Expectations for price swings in the pound against the euro over the next six months climbed to the highest since 2011 as sterling whipsawed yesterday.
With traders already pushing back bets on the timing of a Bank of England interest-rate increase, the prospect of a vote on leaving the world’s largest trading bloc is causing further concern.
That helped push down the UK currency against all but one of its Group of 10 peers in 2016.
Mr Cameron had appeared late evening to be close to sealing a deal at the talks, setting him up to announce a referendum for as soon as June 23 on his country’s place in the EU.
With the possibility of negotiations dragging into the weekend, sterling held a three-week slide against the euro.
Mr Cameron cancelled a meeting of the UK cabinet to hold further meetings with his European counterparts as talks continued into yesterday evening.
“It’s likely we’ll still get something that gets us a referendum on this in June but that there will be enough questions within the agreement to encourage the ‘out’ camp,” said Kit Juckes, a global strategist at Societe Generale in London.
“I can’t imagine it becoming clear who will win, so I’ve got another four months of uncertainty on the currency. Is the market now bearish enough on sterling? My bias is still negative.”
Sterling dropped 1.2% this week to $1.4329 late yesterday in Europe. It was little changed at 77.62p per euro after reaching 78.98 just over a week ago, the weakest since December 2014.

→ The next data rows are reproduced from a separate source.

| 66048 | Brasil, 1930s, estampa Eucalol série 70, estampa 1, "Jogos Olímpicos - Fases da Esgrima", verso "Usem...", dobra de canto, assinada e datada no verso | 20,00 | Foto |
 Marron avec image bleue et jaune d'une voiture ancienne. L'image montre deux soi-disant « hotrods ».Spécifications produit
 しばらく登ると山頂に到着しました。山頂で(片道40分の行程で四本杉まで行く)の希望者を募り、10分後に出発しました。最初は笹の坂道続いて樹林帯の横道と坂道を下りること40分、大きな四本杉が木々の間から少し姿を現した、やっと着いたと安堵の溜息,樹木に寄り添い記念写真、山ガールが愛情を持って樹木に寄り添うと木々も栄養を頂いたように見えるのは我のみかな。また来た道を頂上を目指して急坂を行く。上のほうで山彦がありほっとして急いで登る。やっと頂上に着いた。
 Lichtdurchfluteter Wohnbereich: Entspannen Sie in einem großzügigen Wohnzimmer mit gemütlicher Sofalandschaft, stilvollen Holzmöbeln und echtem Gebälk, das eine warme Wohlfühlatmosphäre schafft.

Six-month implied volatility for the pound versus the euro, a measure of price swings based on options, reached the highest level since October 2011.

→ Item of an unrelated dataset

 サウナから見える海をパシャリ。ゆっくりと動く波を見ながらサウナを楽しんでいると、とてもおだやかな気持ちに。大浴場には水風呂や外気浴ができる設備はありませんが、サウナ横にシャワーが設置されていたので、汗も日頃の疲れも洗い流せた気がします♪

On the effects of stock markets, IG market analyst Joshua Mahony said that the fall once again in oil prices yesterday clipped the ambitions of the market bulls who believe that the stocks rout since the start of the year has gone too far.
“The rally in gold over the past 24 hours highlights the fact that many are donning their tin hats in anticipation of yet another rout for risk assets.
“The resilience of gold, in the face of booming markets earlier this week, points towards a growing feeling that gold is fast becoming a go-to investment to express risk-aversion in a low interest environment,” he said.
Analysts say that even after any deal that the concerns over a British referendum on Brexit will weigh on sterling for some time.
“Much like the Scottish referendum, the divisive nature of the issue at hand means grievances are unlikely to disappear upon obtaining any token concession from the European summit,” Mr Mahony said.
In Dublin, Transport Minister Paschal Donohoe told the annual conference of the British-Irish Chamber of Commerce that Ireland’s and the EU’s interests are for the UK to stay in.
Paul Drechsler, president of the Confederation of British Industry, said “the alternatives to full [UK] membership would also mean a period of dislocation”.